[Assigned task]: The answer must be an exact copy of the lines from the top of the listing below through the line with "Phase Eight Brown", with no pictures.

[Data shown]:

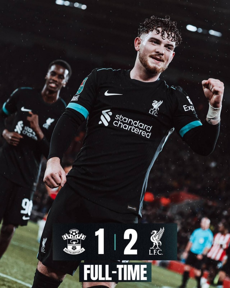 12月19日讯 北京时间12月19日凌晨4时,英格兰联赛杯四分之一决赛,利物浦做客圣玛丽球场对阵南安普顿。上半场,努涅斯首开纪录,埃利奥特扩大领先优势。利物浦半场2-0领先南安普顿。下半场,阿彻扳回一城。最终利物浦2-1击败南安普顿,晋级联赛杯半决赛。
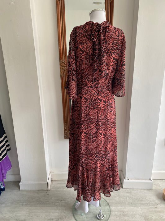 Phase Eight Brown and Cream Appliqué Dress Size 10
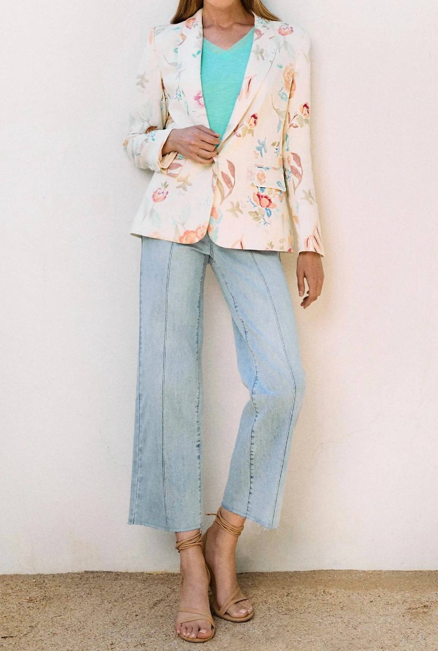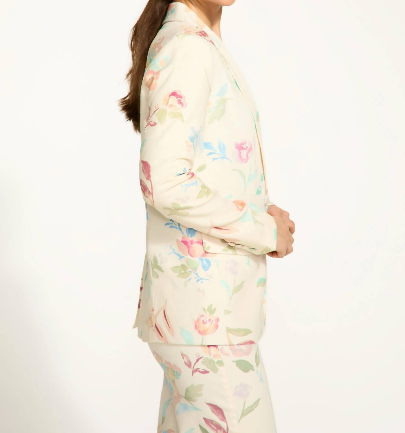 An elevated version of your favorite classic blazer. Introducing the FDJ Duchess Libby Long Sleeve Blazer in a versatile ivory floral print that suits any occasion. Crafted from 80% Viscose and 20% Linen, this blazer showcases a vintage-inspired pattern and a notch collar with self-covered button closure. Its 27-inch length is complemented by practical flap pockets, offering both style and utility. Easy to maintain, simply machine wash as needed for continued elegance.
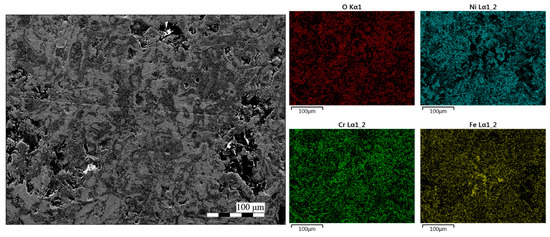 This suggests that NiO integrates large quantities of Fe and Cr at high temperatures within the range of parameters in the flame spray process. The balance of elemental components before flame spray is shown in Table 1 [17].
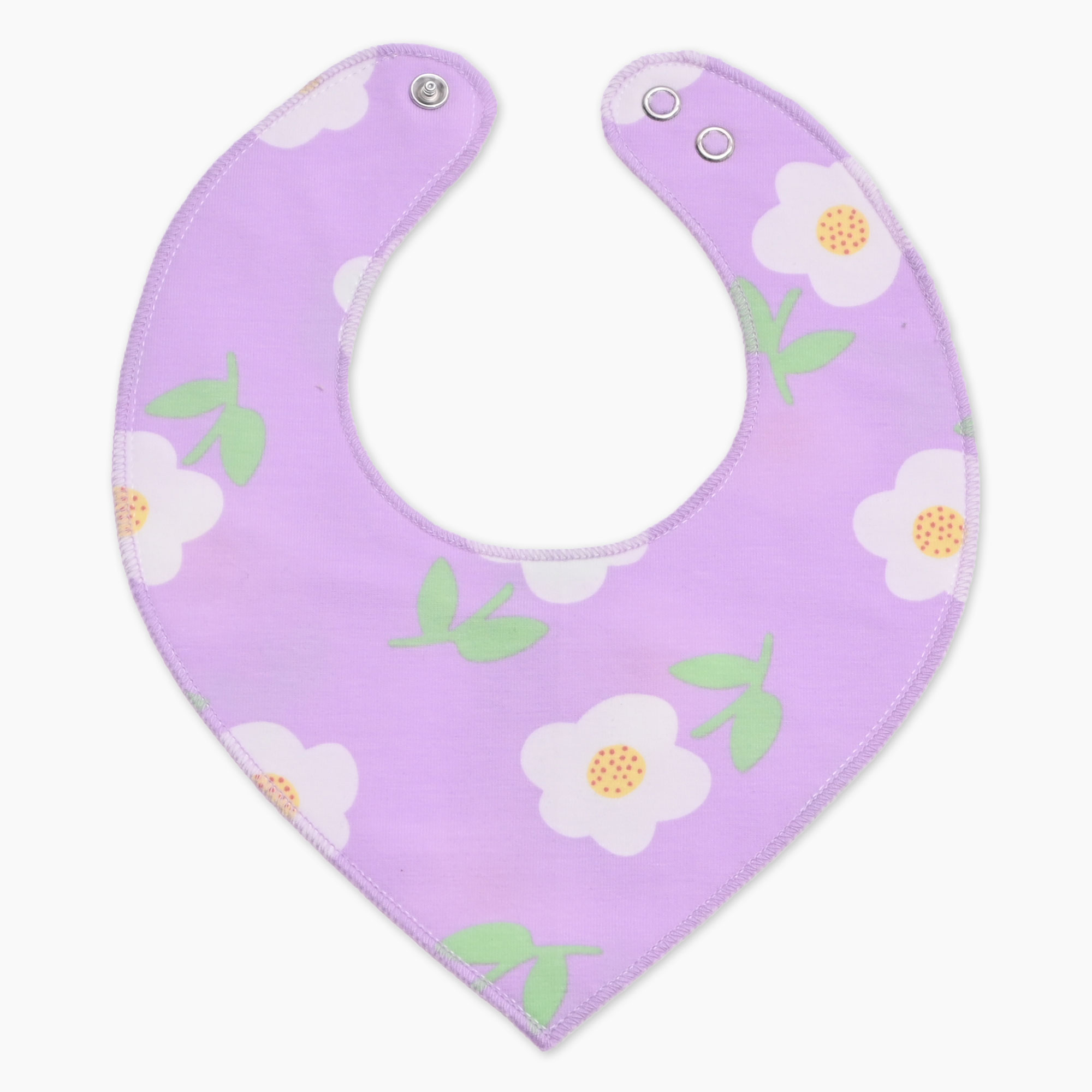 Nepremočljiv otroški slinček v lila barvi z nežnim tiskom marjetic je popolna kombinacija funkcionalnosti in estetskega videza. Idealen je za vsakodnevno uporabo pri hranjenju ali v obdobju izraščanja zob, saj učinkovito ščiti oblačila pred vlago in madeži.

[Task output]:
 12月19日讯 北京时间12月19日凌晨4时,英格兰联赛杯四分之一决赛,利物浦做客圣玛丽球场对阵南安普顿。上半场,努涅斯首开纪录,埃利奥特扩大领先优势。利物浦半场2-0领先南安普顿。下半场,阿彻扳回一城。最终利物浦2-1击败南安普顿,晋级联赛杯半决赛。
 Phase Eight Brown and Cream Appliqué Dress Size 10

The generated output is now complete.